Then came the running battles between Netflix, a major provider, and last-mile providers such as Comcast and Verizon. Netfllix argued that end users were receiving its traffic less expeditiously than other providers’ traffic, that this violated neutrality principles, and that last-mile providers were responsible for remedying this. The last-mile providers rejected this argument: in their view the problem arose because Netfllix’s first-mile network (as it happens, Cogent, the same one Hostmonster uses) was unwilling to pay for peering connections capable of handling Netflix’s traffic (which can amount to more than a quarter of all Internet traffic some evenings). In the last-mile networks’ view, Netflix’s first-mile provider was responsible for fixing the problem at its (and therefore presumably Netflix’s) expense. The issue is, who pays to ensure sufficient peering capacity? Returning to the highway metaphor, who pays for sufficient interchange ramps between toll roads, especially when most truck traffic is in one direction?

In the event Netflix gave in, and arranged (and paid for) direct first-mile connections to Comcast, Verizon, and other last-mile providers. But Netflix continues to press its case, and its position has relevance for higher education.

Colleges and Universities

Colleges and universities have traditionally taken two positions on network neutrality. Representing end users, including their campus community and distant students served over the Internet, higher education has taken a strong position in support of the FCC’s network-neutrality proposals, and even urged that they be extended to cover cellular networks.
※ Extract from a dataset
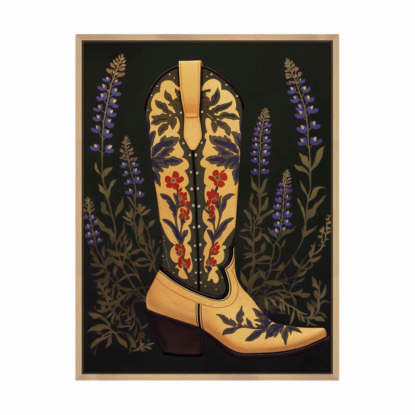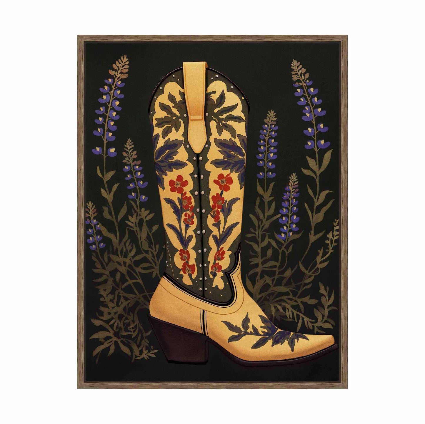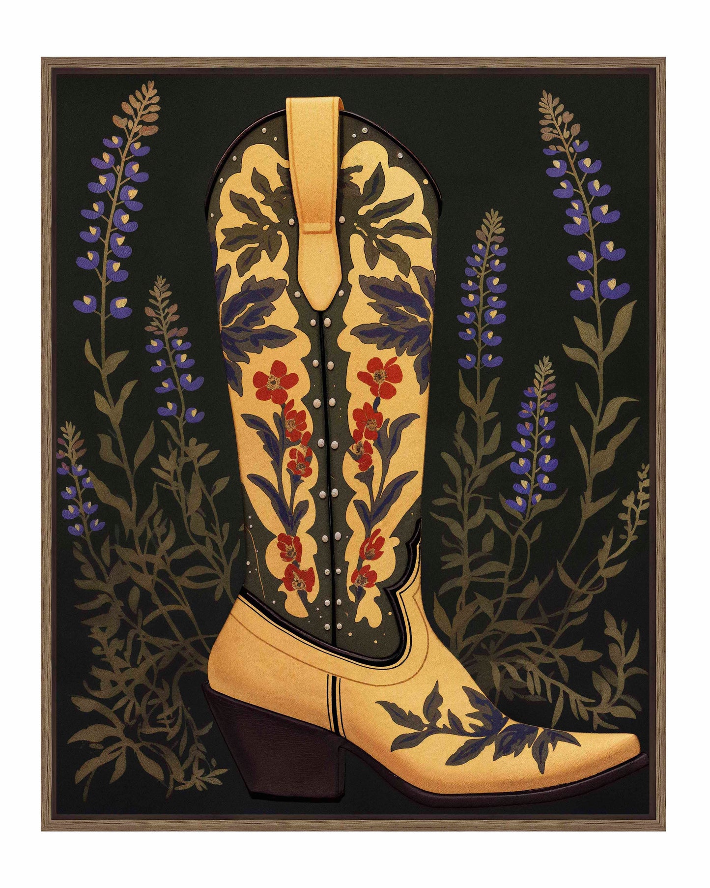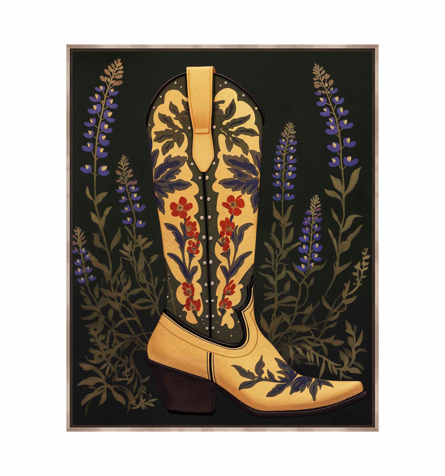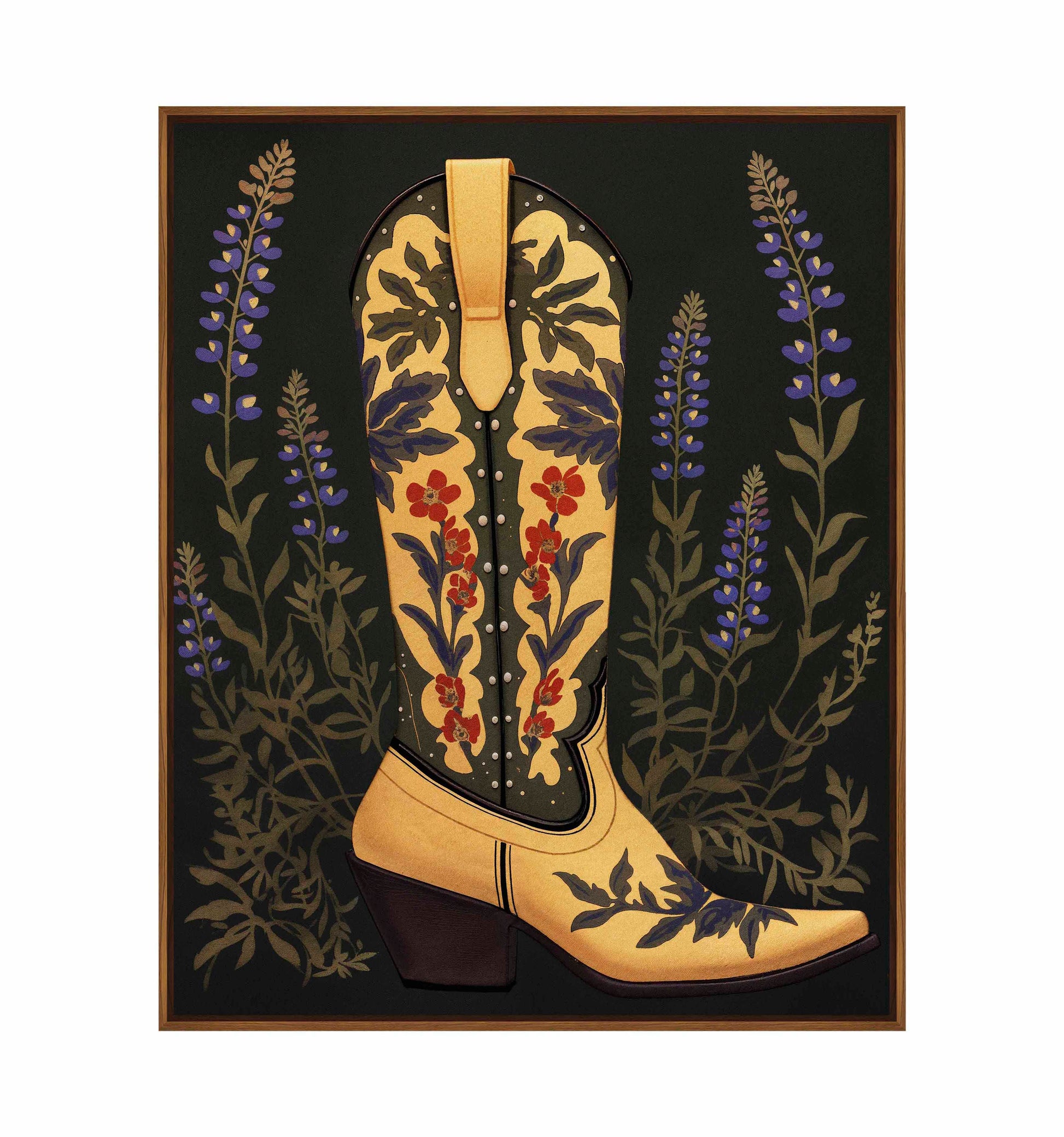 "Rattlesnake Stompers" is a vibrant and bold artwork that captures the essence of Western spirit and style through the depiction of a single, intricately designed cowboy boot. The boot is adorned with elaborate floral patterns in rich hues of blue and red, which contrast beautifully against the warm tan leather. This central image is set against a backdrop of bluebonnet flowers, reinforcing the connection to the Texan landscape and its iconic flora.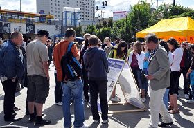 有好几拨中国人也来到这里,听到了真相,表示三:退.(退出中共党、团、队),有人当场表示,希望能看到法轮功的书籍,要重新认识法轮功。

As operators of networks funded and designed to support campuses’ instructional, research, and administrative functions, however, higher education also has taken the position that campus networks, like home, company, and other private networks, should continue to be exempted from network-neutrality provisions.

These remain valid positions for higher education to take in the current debate, and indeed the principles recently posted by EDUCAUSE and various other organizations do precisely that. But the emergence of concrete paid-prioritization services may require more nuanced positions and advocacy.  This is partly because the FCC’s positions have shifted, and partly because the technology and the debate have evolved.

Why should colleges and universities care about this new network-neutrality battleground? Because in addition to representing end users and operating private networks, campuses are increasingly providing instruction to distant students over the Internet. Massively open online courses (MOOCs) and other distance-education services often involve streamed or two-way video. They therefore require high-quality end-to-end network connections.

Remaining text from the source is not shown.